If there is only one parameter involved, then $I$ is simply called the Fisher information or information of $f_{\textbf{X}}(\boldsymbol{x}\mid\theta)$.

Remarks

• If $f_{\textbf{X}}(\boldsymbol{x}\mid\boldsymbol{\theta})$ belongs to the exponential family, $I=\operatorname{E}\big{[}U^{\operatorname{T}}U\big{]}$. Furthermore, with some regularity conditions imposed, we have

 $I=-\operatorname{E}\Big{[}\frac{\partial U}{\partial\boldsymbol{\theta}}\Big{]}.$
• As an example, the normal distribution, $N(\mu,\sigma^{2})$, belongs to the exponential family and its log-likelihood function $\ell(\boldsymbol{\theta}\mid x)$ is

 $-\frac{1}{2}\operatorname{ln}(2\pi\sigma^{2})-\frac{(x-\mu)^{2}}{2\sigma^{2}},$

where $\boldsymbol{\theta}=(\mu,\sigma^{2})$. Then the score function $U(\boldsymbol{\theta})$ is given by

 $\Big{(}\frac{\partial\ell}{\partial\mu},\frac{\partial\ell}{\partial\sigma^{2}% }\Big{)}=\Big{(}\frac{x-\mu}{\sigma^{2}},\frac{(x-\mu)^{2}}{2\sigma^{4}}-\frac% {1}{2\sigma^{2}}\Big{)}.$

Taking the derivative with respect to $\boldsymbol{\theta}$, we have

 $\frac{\partial U}{\partial\boldsymbol{\theta}}=\begin{pmatrix}\displaystyle{% \frac{\partial U_{1}}{\partial\mu}}&\displaystyle{\frac{\partial U_{2}}{% \partial\mu}}\\ \\ \displaystyle{\frac{\partial U_{1}}{\partial\sigma^{2}}}&\displaystyle{\frac{% \partial U_{2}}{\partial\sigma^{2}}}\\ \end{pmatrix}=\begin{pmatrix}\displaystyle{\frac{-1}{\sigma^{2}}}&% \displaystyle{-\frac{x-\mu}{\sigma^{4}}}\\ \\ \displaystyle{-\frac{x-\mu}{\sigma^{4}}}&\displaystyle{\frac{1}{2\sigma^{4}}-% \frac{(x-\mu)^{2}}{\sigma^{6}}}\end{pmatrix}.$

Therefore, the Fisher information matrix $I$ is

 $-\operatorname{E}\Big{[}\frac{\partial U}{\partial\boldsymbol{\theta}}\Big{]}=% \frac{1}{2\sigma^{4}}\begin{pmatrix}2\sigma^{2}&0\\ 0&-1\end{pmatrix}.$
• Now, in linear regression model with constant variance $\sigma^{2}$, it can be shown that the Fisher information matrix $I$ is

 $\frac{1}{\sigma^{2}}\textbf{X}^{\operatorname{T}}\textbf{X},$

where X is the design matrix of the regression model.

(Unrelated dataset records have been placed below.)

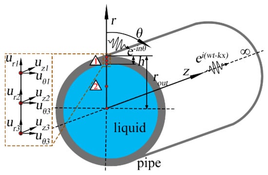 Figure 1 displays the schematic diagram of liquid-filled pipe in the cylindrical coordinate system, and the space-time harmonic function ei(ωt−kx−nθ) is assumed to represent the propagation of UGW, where i is the imaginary unit, ω is the angular frequency, t is the time, k is the wavenumber, n is the circumferential order, r, θ and z denote the radial, circumferential and axial [33]. In the semi-analytical finite element (SAFE) method, the finite element can only be performed in the r direction and divided into two elements according to the material, and the displacement u of each node is divided into ur, uθ and uz.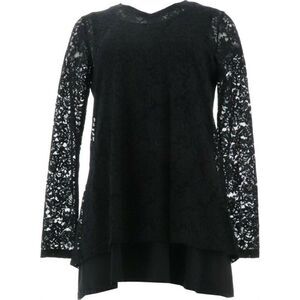 Top Features: V-neckline, stretch lace, long sleeves, straight bottom hemline
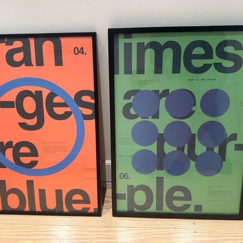 3 stk. moderne grafiske plakater m. egetræsrammer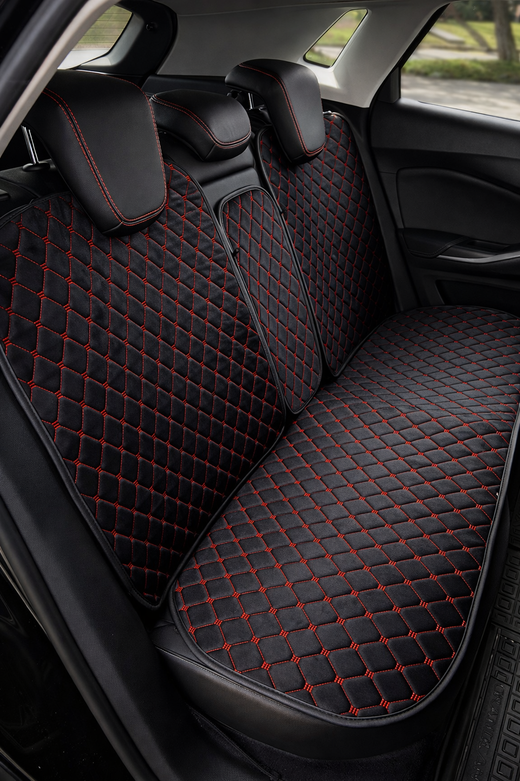 Huse auto Velur spate (negru cu nuanță roșie)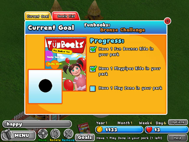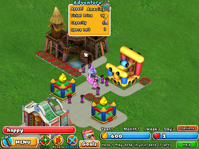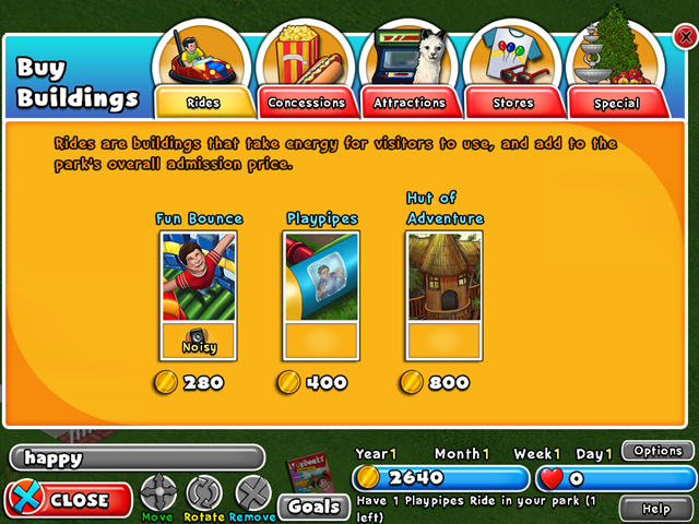 这款独特的游乐园模拟建造游戏,会带给你一个欢乐童年的美好记忆。你可以根据你的喜欢来建造娱乐设施,同时别忘了合理的规划位置,看清楚每个建筑的入口处是否摆对了位置,没有摆对的话会有红色感叹号的提示。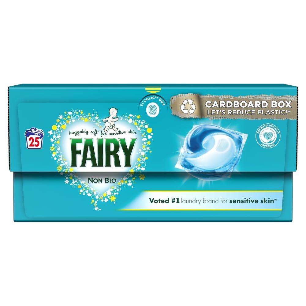 - Discover The Gentle Care Of Fairy Non Bio Pods Washing Liquid Capsules With The Best Softness Fairy Non Bio Has To Offer. Fairy Non Bio Pods Washing Tablets Box Can Now Help Reduce Plastic Thanks To Their Recyclable Ecoclic Cardboard Box It Only Contains Maximum 5 Plastic Designed To Preserve Your Pods And With A Child Safe System To Keep Them Safe From Children.

• In general, the Fisher information meansures how much “information” is known about a parameter $\theta$. If $T$ is an unbiased estimator of $\theta$, it can be shown that

 $\operatorname{Var}\big{[}T(X)\big{]}\geq\frac{1}{I(\theta)}$

This is known as the Cramer-Rao inequality, and the number $1/I(\theta)$ is known as the Cramer-Rao lower bound. The smaller the variance of the estimate of $\theta$, the more information we have on $\theta$. If there is more than one parameter, the above can be generalized by saying that

 $\operatorname{Var}\big{[}T(X)\big{]}-I(\boldsymbol{\theta})^{-1}$

is positive semidefinite, where $I$ is the Fisher information matrix.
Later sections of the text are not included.